Your goal - Your task is to retype, word for word, the lines from the start of the data through the line holding "YUV 165.845,-59.084,-42.837 Color". Do not include the pictures.

Raw data -
--- START ---

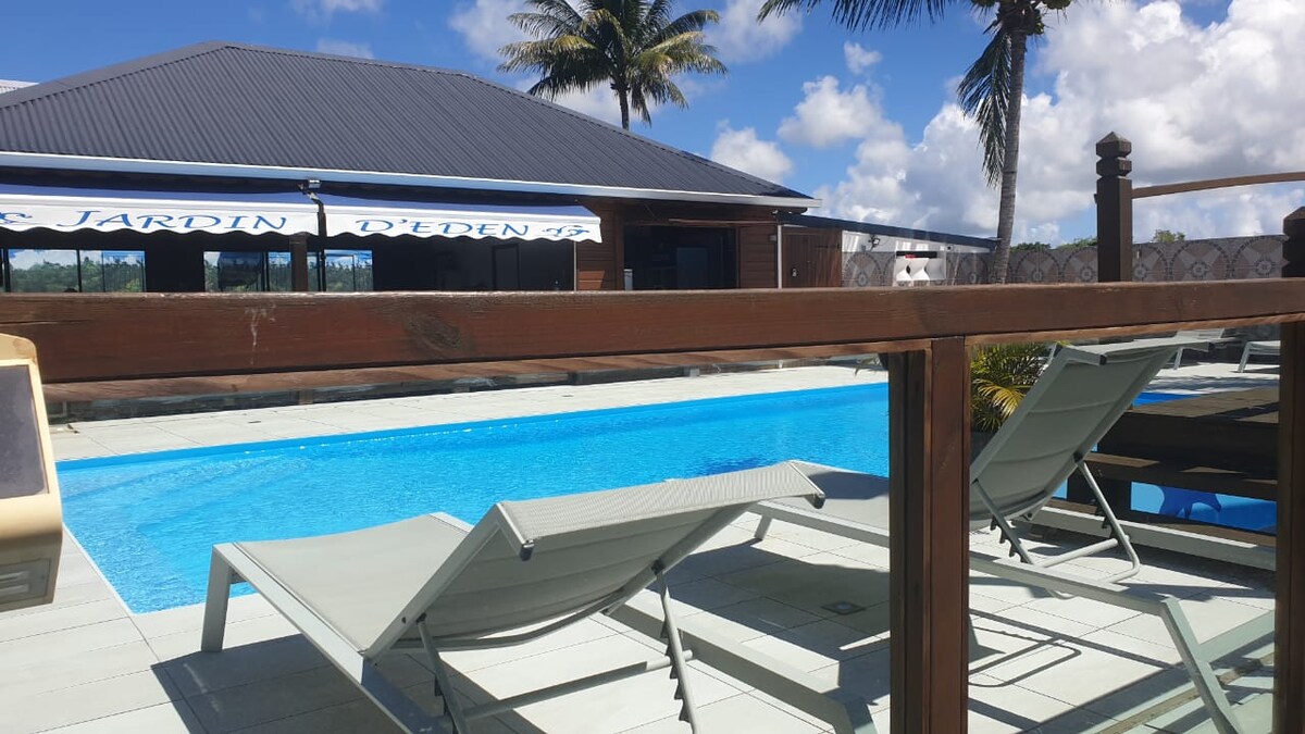 Rahat və təravətli bir yer axtarırsınız? Rahat kiçik kondisionerli ev, işıqlı və tam təchiz olunub. Ticarət küləkləri ilə havalandırılan sakit bağı olan Kreol fermasında yerləşir. Üstəlik: aperitif, oxu fasilələri və ya günəş vannası qəbul etmək üçün terras Cütlüklər və ya tək səyahətçilər üçün idealdır (ehtiyac olarsa, divan çarpayısı uşaq üçün uyğundur). *** COVID19 epidemiyası ilə bağlı bütün sağlamlıq tədbirləri təhlükəsizliyinizi təmin etmək üçün hazırdır.
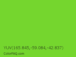 YUV 165.845,-59.084,-42.837 Color is a normal green color and the nearest color is Kiwi #8ee53f. Hex code #75d62e and RGB value is rgb(117,214,46). In RGB color space, this color is composed of 46% red, 84% green, 18% blue, In CMYK color space, this color is composed of 45% cyan, 0% magenta, 79% yellow , 16% black , In HSL color space, this color has a hue angle of 95° , 67% saturation and 51% lightness.
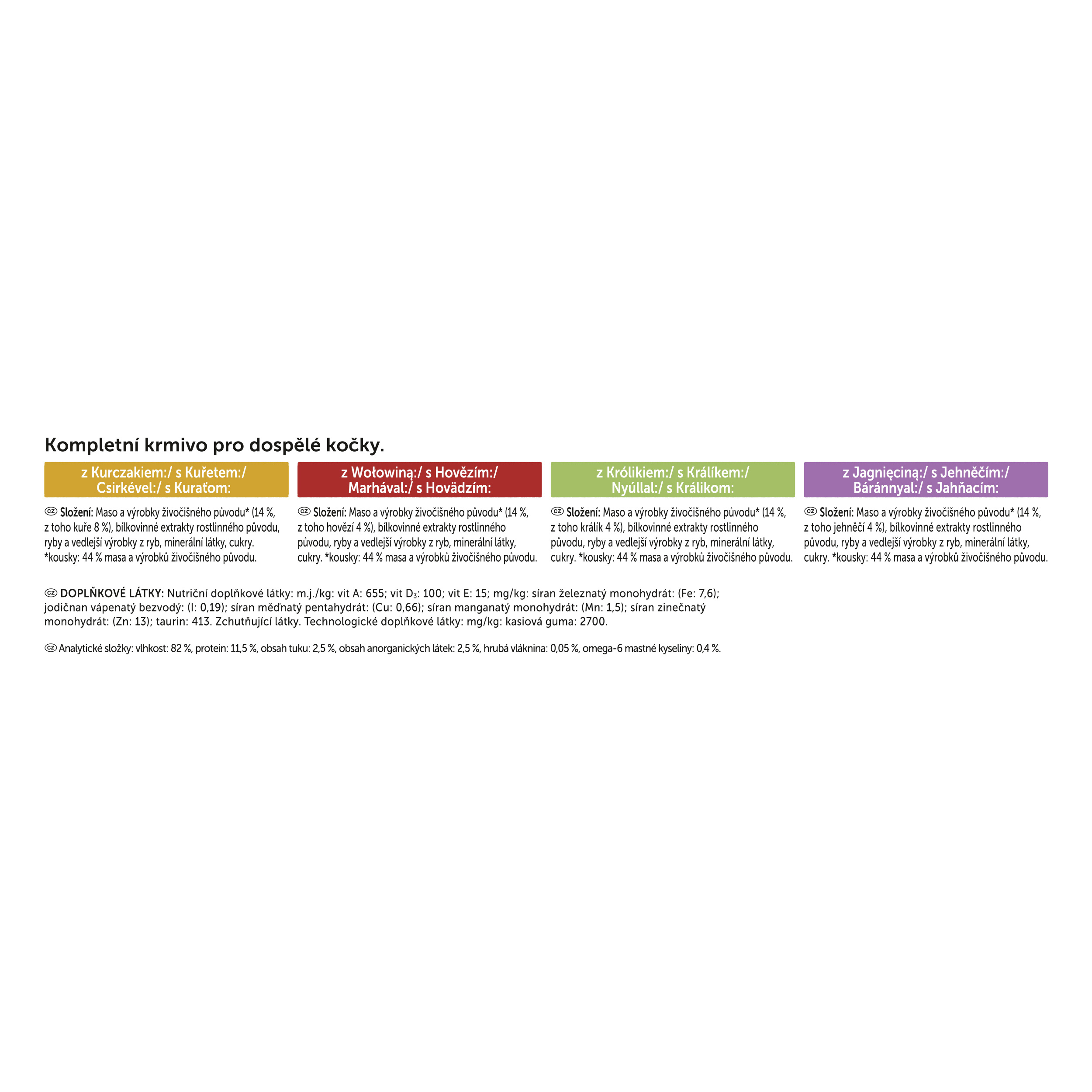 Složení: S kuřetem: maso a výrobky živočišného původu* (14 %, z toho kuře 8 %), bílkovinné extrakty rostlinného původu, ryby a vedlejší výrobky z ryb, minerální látky, cukry. *kousky: 44 % masa a výrobků živočišného původu. S hovězím: maso a výrobky živočišného původu* (14 %, z toho hovězí 4 %), bílkovinné extrakty rostlinného původu, ryby a vedlejší výrobky z ryb, minerální látky, cukry. *kousky: 44 % masa a výrobků živočišného původu. S králíkem: maso a výrobky živočišného původu* (14 %, z toho králík 4 %), bílkovinné extrakty rostlinného původu, ryby a vedlejší výrobky z ryb, minerální látky, cukry. *kousky: 44 % masa a výrobků živočišného původu. S jehněčím: maso a výrobky živočišného původu* (14 %, z toho jehněčí 4 %), bílkovinné extrakty rostlinného původu, ryby a vedlejší výrobky z ryb, minerální látky, cukry. *kousky: 44 % masa a výrobků živočišného původu.

--- END ---

Task result -
 Rahat və təravətli bir yer axtarırsınız? Rahat kiçik kondisionerli ev, işıqlı və tam təchiz olunub. Ticarət küləkləri ilə havalandırılan sakit bağı olan Kreol fermasında yerləşir. Üstəlik: aperitif, oxu fasilələri və ya günəş vannası qəbul etmək üçün terras Cütlüklər və ya tək səyahətçilər üçün idealdır (ehtiyac olarsa, divan çarpayısı uşaq üçün uyğundur). *** COVID19 epidemiyası ilə bağlı bütün sağlamlıq tədbirləri təhlükəsizliyinizi təmin etmək üçün hazırdır.
 YUV 165.845,-59.084,-42.837 Color is a normal green color and the nearest color is Kiwi #8ee53f. Hex code #75d62e and RGB value is rgb(117,214,46). In RGB color space, this color is composed of 46% red, 84% green, 18% blue, In CMYK color space, this color is composed of 45% cyan, 0% magenta, 79% yellow , 16% black , In HSL color space, this color has a hue angle of 95° , 67% saturation and 51% lightness.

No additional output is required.